In our impression, robots should speak in a robot-like way with a dull look in their eyes, and their intonation ought to be metallic and slow. However this is not the case with Cortana who speaks nothing like a robot, but rather like a normal person, how did she achieve that?
People speak with a tone.
First it needs to know how humans pronounce. There contains a large number of roots in each word which we have all experienced while we learns to talk, these roots composing together will form the complicated language we speak everyday.
Cortana speaks more complicated language than us.
This is how robots talk: they parse and extract the roots from language samples and then recombine them to generate new target language.
As Cortana’s first language is English, it’s relatively easier for Cortana to speak English.
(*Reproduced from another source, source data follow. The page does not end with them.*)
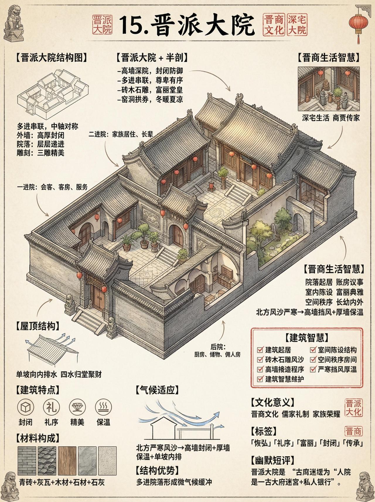 🏠 晋派大院,是高墙深院的晋商辉煌,三雕精美,一进一进都是「汇通天下」的底气;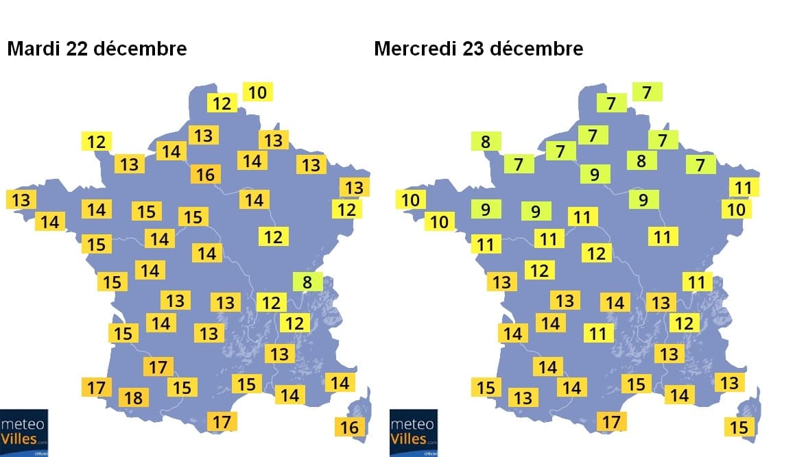Températures maximales prévues mardi 22 et mercredi 23 décembre – Météo-Villes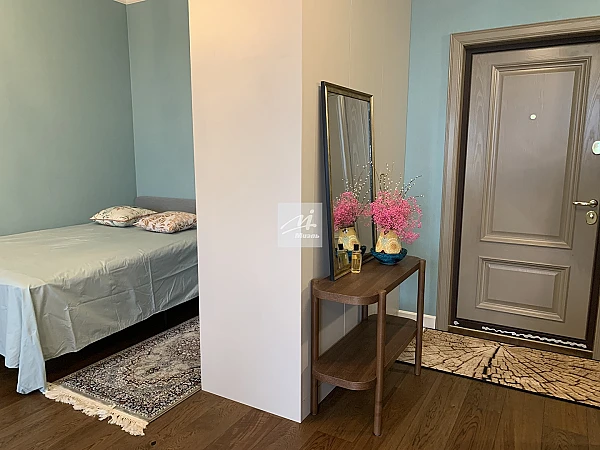 Полы паркетная доска, стены покраска. Много света, застекленная лоджия.Установлен кондиционер, телевизор, проведен интернет.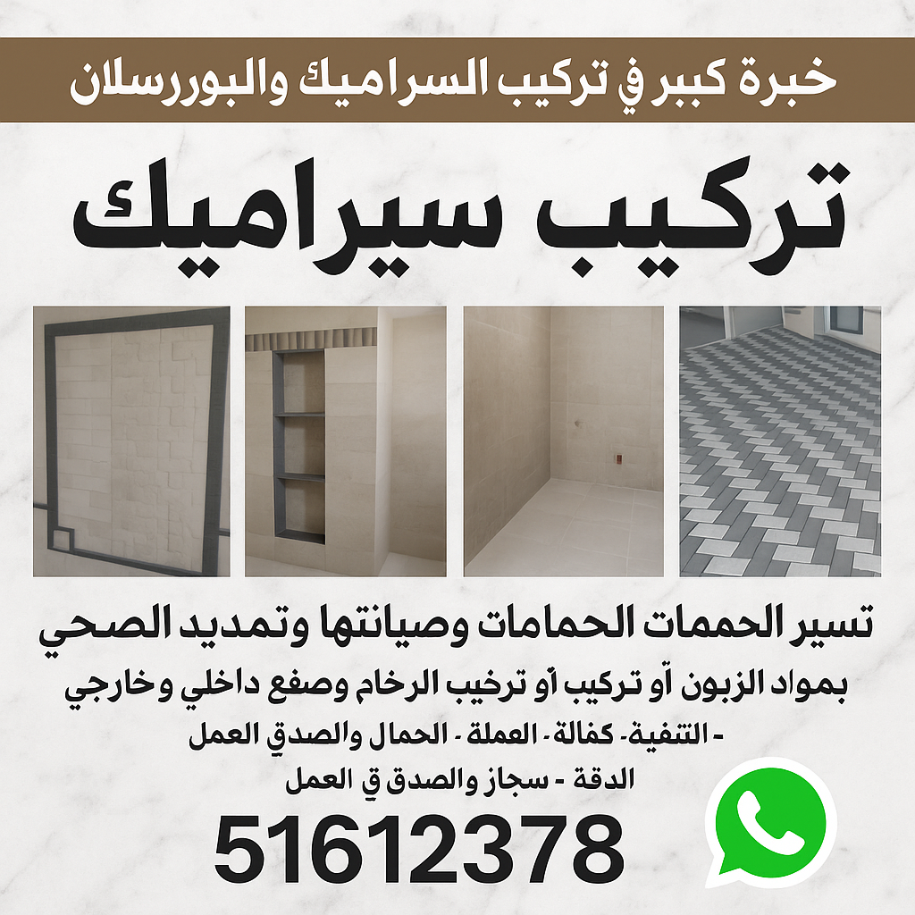 واتس اخضر مقاول سيراميك - معلم سيراميك - تركيب سيراميك - بالكويت📞51612378 - معلم سيراميك رخيص - تركيب سيراميك باكستاني - تركيب السيراميك - فني سيراميك - معلم سيراميك باكستاني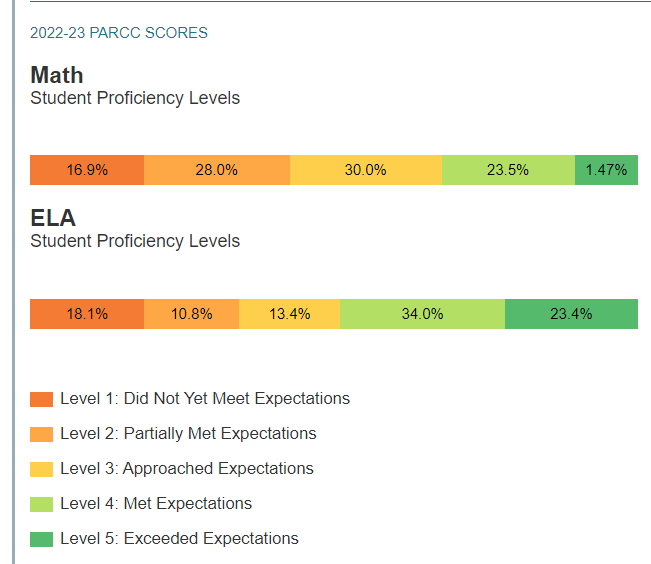 DC CAPE mainly covers math and ELA (English language arts/literacy). And DC OSSE, or the Office of the State Superintendent of Education, releases a lot of data on the results. At the school level, they release overall percentages of students meeting/exceeding expectations, but they also slice the data by various subgroups. These include student grade, the specific subject (for instance, some 8th graders take 8th-grade math, others algebra or geometry), and even demographic group. The scores themselves are also available at three different levels of aggregation: levels 1 through 5 individually, levels 3+ (approaching/meeting/exceeding expectation), and levels 4+ (meeting/exceeding expectations).
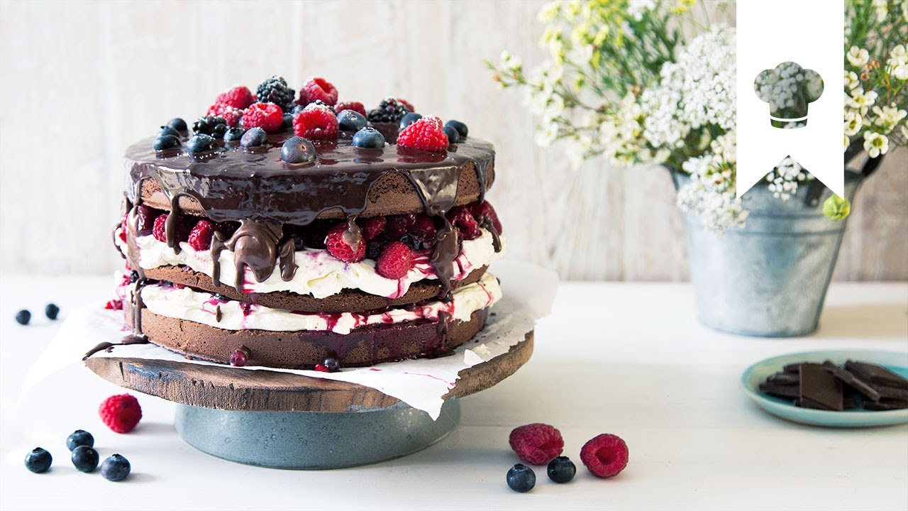 Unser Naked Chocolate Cake wird mit einem dunklen Tortenboden und einer feinen Waldbeerenfüllung aus Mascarpone und Sahne zubereitet. Mit einem Ganache-Topping, das mit frischen Beeren veredelt wird, ist er in nur einer Stunde fertig.

After receiving the language text, Cortana needs to first analyze it with logics like computational semantics to find out its semantics. Then it would use composite signal processing to parse the voice root. In this way, it can have simple English conversations.
It’s harder for Cortana to speak Chinese.
Here comes the question, what if Cortana has received other languages? Why is Cortana also able to speak Chinese? The reason is similar, Cortana could translate English semantics into Chinese and then analyze and construct in Chinese roots.
However if Cortana comes across with new problems such as absence of basic dialect, artificial intelligence will play its role. Using the match searching of Microsoft Azure, Cortana could search for similar basic dialects to replace it, of course, this could not always solve the problem, at this moment, real persons dubbing will be used.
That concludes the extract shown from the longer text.